In the first round, the #7 seed faces off against the #10 and the #8 faces off against the #9. The #1 and #2 seeds play the winner of those games in the quarterfinals, while the #3 seed faces off against the #6 seed and the #4 seed faces off against the #5 seed.
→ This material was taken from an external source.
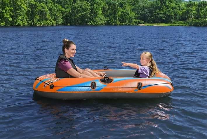 Nafouknutá velikost: 196 × 106 × 31 cm. Maximální nosnost: 120 kg. 3 vzduchové komory. Vyrobeno z odolného PVC. Pro 1 dospělou osobu + dítě. Součástí balení vesla a ruční pumpa. Obvodové zajišťovací vedení s kabelovými průchodkami, nafukovací podlaha pro větší pohodlí, rychloupínací ventily, bezpečnostní ventil, opravná záplata součástí balení.

The tournament has been held since 1986.

==Results==

Big South Conference women's basketball tournament
| Year | Champions | Score | Runner-up | Venue |
| 1987 | Radford (1) | 71–59 | Campbell | Dedmon Center (Radford, VA) |
| 1988 | Radford (2) | 100–81 | Campbell | Carter Gymnasium (Buies Creek, NC) |
| 1989 | Campbell (1) | 58–53 | Radford | Dedmon Center (Radford, VA) |
| 1990 | Radford (3) | 69–65 | Campbell | Justice Center (Asheville, NC) |
| 1991 | Radford (4) | 65–64 | Campbell | Dedmon Center (Radford, VA) |
| 1992 | Radford (5) | 85–77 | Campbell |
| 1993 | Radford (6) | 62–57 | UNC Greensboro |
| 1994 | Radford (7) | 83–78 | UNC Greensboro | Spectator Gymnasium (Greensboro, NC) |
| 1995 | Radford (8) | 68–63 | UNC Greensboro | Dedmon Center (Radford, VA) |
| 1996 | Radford (9) | 85–83 | Winthrop |
| 1997 | Liberty (1) | 89–82 | UNC Greensboro | Vines Center (Lynchburg, VA) |
| 1998 | Liberty (2) | 65–53 | UNC Asheville |
| 1999 | Liberty (3) | 68–55 | Coastal Carolina | Asheville Civic Center (Asheville, NC) |
| 2000 | Liberty (4) | 74–64 | Coastal Carolina |
| 2001 | Liberty (5) | 52–47 | Elon | Roanoke Civic Center (Roanoke, VA) |
| 2002 | Liberty (6) | 57–33 | Coastal Carolina |
| 2003 | Liberty (7) | 84–71 | High Point | Vines Center (Lynchburg, VA) |
| 2004 | Liberty (8) | 54–41 | Birmingham-Southern |
| 2005 | Liberty (9) | 88–41 | UNC Asheville |
| 2006 | Liberty (10) | 53–50 | High Point |
| 2007 | UNC Asheville (1) | 67–57 | Radford | Justice Center (Asheville, NC) |
| 2008 | Liberty (11) | 66–65 | Radford |
| 2009 | Liberty (12) | 51–50 | Gardner–Webb | Millis Center (High Point, NC) |
| 2010 | Liberty (13) | 68–66 | Gardner–Webb |
| 2011 | Gardner–Webb (1) | 67–66 | Liberty |
| 2012 | Liberty (14) | 81–73 | High Point |
| 2013 | Liberty (15) | 54–45 | Longwood | HTC Center (Conway, SC) |
| 2014 | Winthrop (1) | 87–74 | High Point |
| 2015 | Liberty (16) | 74–64 | High Point |
| 2016 | UNC Asheville (2) | 64–62 (OT) | Liberty | Kimmel Arena (Asheville, NC) |
| 2017 | UNC Asheville (3) | 49–48 | Radford | Vines Center (Lynchburg, VA) |
| 2018 | Liberty (17) | 60–42 | UNC Asheville |
| 2019 | Radford (10) | 57–45 | Campbell | Dedmon Center (Radford, VA) |
| 2020 | Cancelled due to the COVID-19 pandemic. |  |  |  |
| 2021 | High Point (1) | 62–46 | Campbell | Millis Center (High Point, NC) |
| 2022 | Longwood (1) | 86–47 | Campbell | Bojangles Coliseum (Charlotte, NC) |
| 2023 | Gardner-Webb (2) | 74–61 | High Point |
| 2024 | Presbyterian (1) | 60–37 | Radford | Qubein Center (High Point, NC) |
| 2025 | High Point (2) | 59–53 | Longwood | Freedom Hall Civic Center (Johnson City, TN) |
| 2025 | High Point (3) | 71–67 | Radford |

==Champions==

| School | Championships | Championship Years |
|---|---|---|
| Liberty | 17 | 1997, 1998, 1999, 2000, 2001, 2002, 2003, 2004, 2005, 2006, 2008, 2009, 2010, 2012, 2013, 2015, 2018 |
| Radford | 10 | 1987, 1988, 1990, 1991, 1992, 1993, 1994, 1995, 1996, 2019 |
| High Point | 3 | 2021, 2025, 2026 |
| UNC Asheville | 3 | 2007, 2016, 2017 |
| Gardner–Webb | 2 | 2011, 2023 |
| Campbell | 1 | 1989 |
| Longwood | 1 | 2022 |
| Presbyterian | 1 | 2024 |
| Winthrop | 1 | 2014 |

- Charleston Southern and USC Upstate have not yet won a Big South tournament.
- Armstrong State, Augusta State, Birmingham-Southern, Davidson, Elon, Hampton, North Carolina A&T, Towson, UMBC, and UNC Greensboro never won the tournament as Big South members.
- Schools highlighted in pink are former Big South members.